Sai com’è l’uscita dai box a Monaco, no? È strana. Esco scodando tanto, ma torno in pista senza problemi mentre la pioggia picchia forte sul casco. Io mi vedo già sul podio a festeggiare e a scolarmi tutto lo champagne di Montecarlo. Due curve dopo mi parla ancora lui in cuffia:

– Oh, ma la linea bianca? L’hai vista o no?

– Quale cazzo di linea bianca? Quella dei box?

– Eh, siamo sotto investigazione. L’hai superata con l’anteriore e la posteriore sinistra mentre uscivi.

– Ma che cazzo stai dicendo? Che significa investigazione? Io non ho superato un bel cazzo di niente.

– Ci sono le immagini, il team principal sta parlando con i commissari, sono minimo cinque secondi di…

E poi lo sai, che è successo. Mi sono stampato nel muro, due curve dopo l’uscita dal box, mentre mi stava dicendo della penalità. Quella cazzo di linea bianca m’ha bacato il cervello. Ero già sul podio. Ho viste le riprese, poi, ma solo quelle dal pit stop fino alla curva del casinò dove ho fatto l’incidente, non ho voluto guardare altro. Sarebbero stati al massimo cinque secondi di penalità e avrei ottenuto comunque il terzo posto. Invece, il mio cervello si era già schiantato.

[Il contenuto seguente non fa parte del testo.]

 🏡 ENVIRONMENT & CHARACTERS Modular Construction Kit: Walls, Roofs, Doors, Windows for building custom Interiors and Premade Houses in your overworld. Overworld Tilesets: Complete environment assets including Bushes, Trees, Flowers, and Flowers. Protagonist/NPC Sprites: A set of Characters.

Sono fuggito dal paddock senza sapere cosa avrei potuto fare. Mi hanno ritrovato solo la mattina dopo. Mi affogai di alcool, cambiando i bar ogni volta che qualcuno mi riconosceva. Andai nelle bettole peggiori – sì, esistono anche a Montecarlo – non potevo mica andare a bere alla Rascasse con tutta la gente che conosco lì. In una notte ho gettato in corpo tutto quello che potevo bere, credo anche l’acqua del porto. Non te lo so dire. So però che verso l’alba ero lì a guardare gli yacht con qualcuno – davvero non so chi. Poi mi hanno trovato, da solo, proprio in quel punto, seduto con la testa fra le mani.

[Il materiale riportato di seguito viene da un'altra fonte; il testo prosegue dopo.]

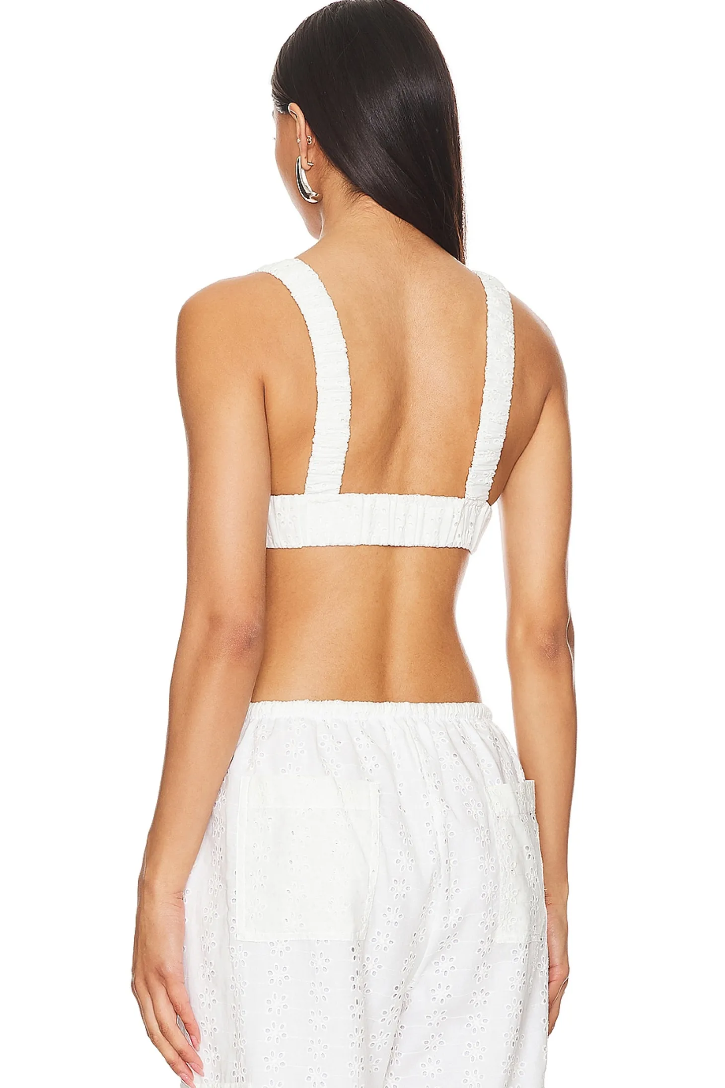 100% cotton.Made in Peru.Hand wash.Elastic underband and shoulder straps.Lightweight eyelet fabric.Item not sold as a set

Sai che ora sono tornato a correre? Finalmente ce l’ho fatta. Ma a smettere di bere, quello mai. Non riuscirei. Che bella sensazione, spingere l’acceleratore. Guarda qui come li sorpasso tutti. Non mi servono le piste di Formula 1 per correre, ne ho una dietro casa, è a tre corsie, poi si restringe a due. Solo che ci sono troppi coglioni lenti sopra. Ecco una curva. Lo sai, vero, che è nelle curve che si vede chi è un campione e chi invece è solo un pilota? Tutti sanno andare forte sul dritto, ma quelli leggendari li riconosci dal modo in cui vanno veloci in curva. E guardali qui, questi che si scansano, che si buttano tutti a destra. Sembrano formichine. Patetici, con le loro utilitarie del cazzo. Forse sto diventando un dio, dopotutto. Ma non basta ancora. Sesta, sesta, sesta. Quante vibrazioni, ma reggono ‘ste gomme? E che cazzo è quel segnale di lavori in corso? Dove cazzo vado ora?


Mario Altrui è una persona che ha da poco compiuto trent’anni e sta facendo i conti con un numero che a volte è un traguardo e a volte un punto di partenza. Lui deve ancora capirlo.

Vive a Dublino ma è nato e cresciuto a Napoli. Lavora come copywriter, e grazie a questo fatto può dire di scrivere da quando era bambino. Per la maggior parte del tempo, però, non ha mai scritto quello che voleva davvero: alcuni dei suoi racconti sono nati tra un copy, una call to action e una call del capo.